“And how did you guys end up with this place?
“Arcanthus hacked the Eternal Guard systems and found it in their records. It hasn’t been used in thirty-five years, so he updated the records to reflect that it had been sold off fifteen years ago and transferred ownership to a shell company.”
Shay grinned. “So, you guys are running a criminal operation out of a stolen former police station?”
Though Drakkal had never heard the term police, the way she’d used it made it easy enough to decipher what it meant. He couldn’t help but grin in response. “I thought that was funny, too.”
She took another drink from her bottle and raked her eyes over Drakkal. “So, where have you been, stranger?”
“Working. Turns out I might’ve let things stack up for a few weeks while hunting for a certain terran.”
She lowered the bottle, tucking it between her arm and her ribs, and raised the towel to wipe her face and chest. “Ah, well. And here I was wondering if my big, ferocious protector was abandoning me.”
Drakkal released a low, rumbling purr. “Call me your big, ferocious protector again, kiraia. I like the sound of it.”
She chuckled and locked her eyes with his. “I thought you might.”
Pushing off the door frame, Drakkal closed the distance between himself and Shay. He took in a slow breath, relishing her scent. “Kraasz ka’val, you were so close this whole time, but I’ve missed you.”
To his surprise and satisfaction, she didn’t move away when he trailed the pad of a finger along her forearm.
“I will never abandon you, Shay.”
Something in her eyes shuttered, and one corner of her mouth lifted in a humorless smirk. “See, that’s a promise you can’t keep. No one can.”
Once again, she stepped around him, this time to move through the open door. There’d been a somber note in her voice, as though her playfulness had been chased away by bitterness.
Drakkal turned and followed her into the corridor. “You don’t believe me?”
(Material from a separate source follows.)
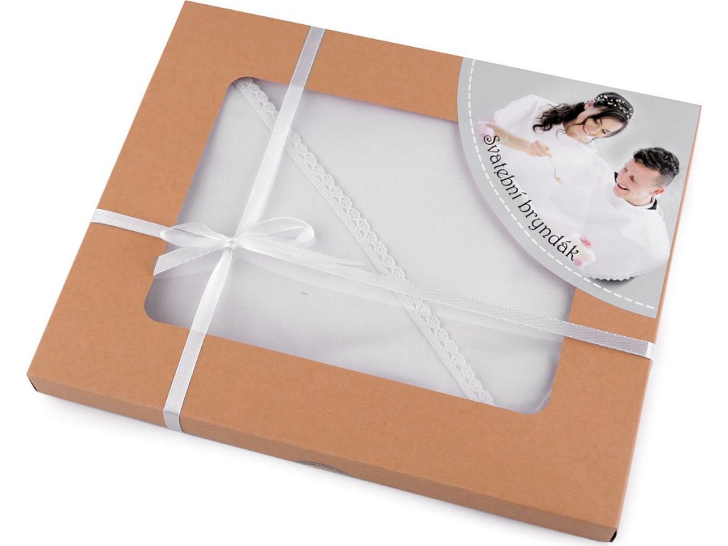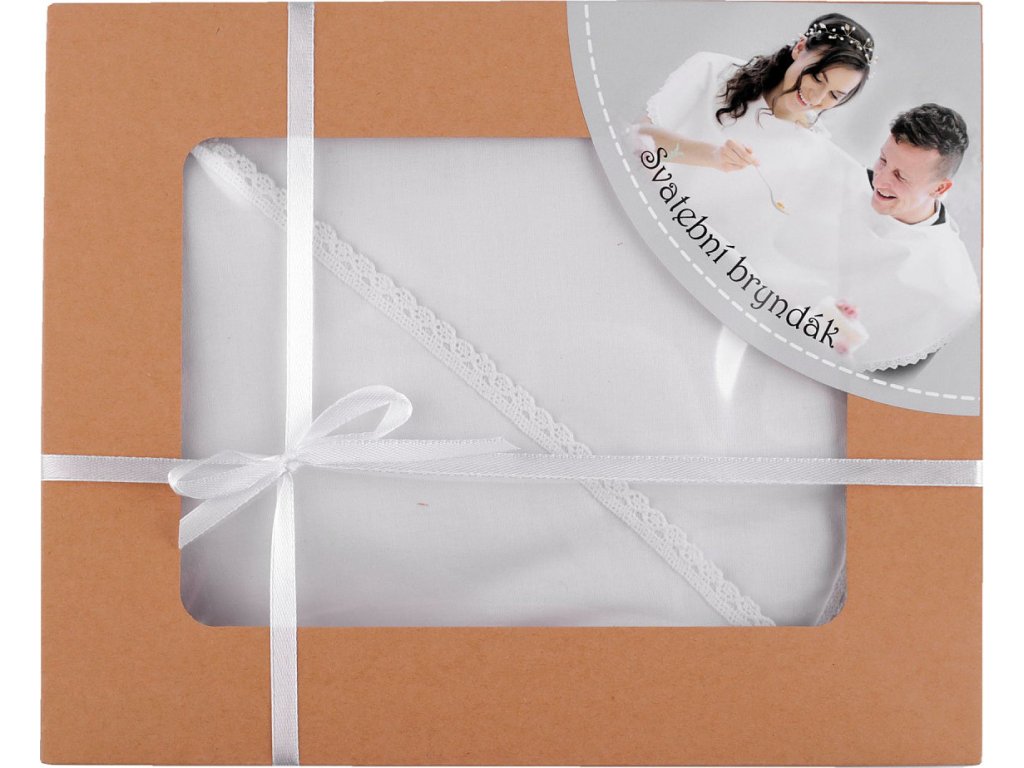 Svatební bryndák ocení novomanželé při prvním společném obědě. Lemuje ho romantická paličkovaná krajka. Bryndák můžete ještě dozdobit dle svého vkusu. Dodáváme ho v dárkové krabičce.

“Everyone leaves”—she glanced at him over her shoulder—“whether they want to or not. It’s not always up to you.”
His brow furrowed, and he fought to ignore the nagging, dreadful pang in his chest that cropped up at the thought of losing her—or of being forced away from her. “That’s not abandonment, Shay. Abandoning someone…betraying someone…that’s always a choice.”
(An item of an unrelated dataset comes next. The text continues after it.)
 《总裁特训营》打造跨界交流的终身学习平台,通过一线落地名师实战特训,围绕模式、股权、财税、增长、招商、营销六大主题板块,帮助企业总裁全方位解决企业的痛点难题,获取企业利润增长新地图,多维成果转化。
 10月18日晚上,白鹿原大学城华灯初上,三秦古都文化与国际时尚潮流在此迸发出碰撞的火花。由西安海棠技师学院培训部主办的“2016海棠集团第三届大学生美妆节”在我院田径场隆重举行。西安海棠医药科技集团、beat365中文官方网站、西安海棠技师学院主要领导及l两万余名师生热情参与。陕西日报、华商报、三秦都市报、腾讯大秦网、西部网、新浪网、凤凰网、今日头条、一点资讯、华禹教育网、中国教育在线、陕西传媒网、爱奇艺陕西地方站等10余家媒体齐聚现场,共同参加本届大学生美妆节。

She looked away from him, but not before he caught the regret and hurt in her eyes. “I know.”
He reached forward with his right hand, took hold of her upper arm, and halted her. “Look at me, Shay.”
She tugged on her arm, and for a moment, she seemed about to pull away and keep walking. But didn’t wrench herself out of his grasp—she turned toward him, eyes ablaze with challenge, and asked, “What?”
“I want you to look me in the eyes and hear me,” he growled, leaning down to put his face on level with hers. “I will never abandon you. So long as there is life in my body, I will fight to be at your side. I swear it on my blood.”
“And I believe you, Drakkal.” She let out a terse laugh and shook her head. “You barely know me, but I have no doubt you’d die for me. Now hear me when I say that I don’t want you doing that.”
Frustration and helplessness welled up in him, and he railed against them. “It’s not your choice.”
Her shoulders sagged, and she bowed her head with a sigh. “I know that.”
Drakkal exhaled slowly, sobered by her sudden change in demeanor; he’d never seen Shay look so…defeated. He loosened his hold on her to gently smooth his palm up and down her arm. “Who did you lose?”
“My parents.”
Curling a finger beneath her chin, he lifted it, bringing her eyes back to his. “Tell me about them.”
She pressed her lips together, looking as though she would refuse for a few moments before sighing.
“When I was little, my dad was my world,” she said softly. “He was special forces, and I think his unit was attached to some branch of the Volturian military a lot of the time. He’d be gone for months and months at a time, but I always knew that when he came home, he’d spend all his time with me. He’d take me out camping and teach me to hunt and shoot and survive, teach me how to defend myself. To fight.”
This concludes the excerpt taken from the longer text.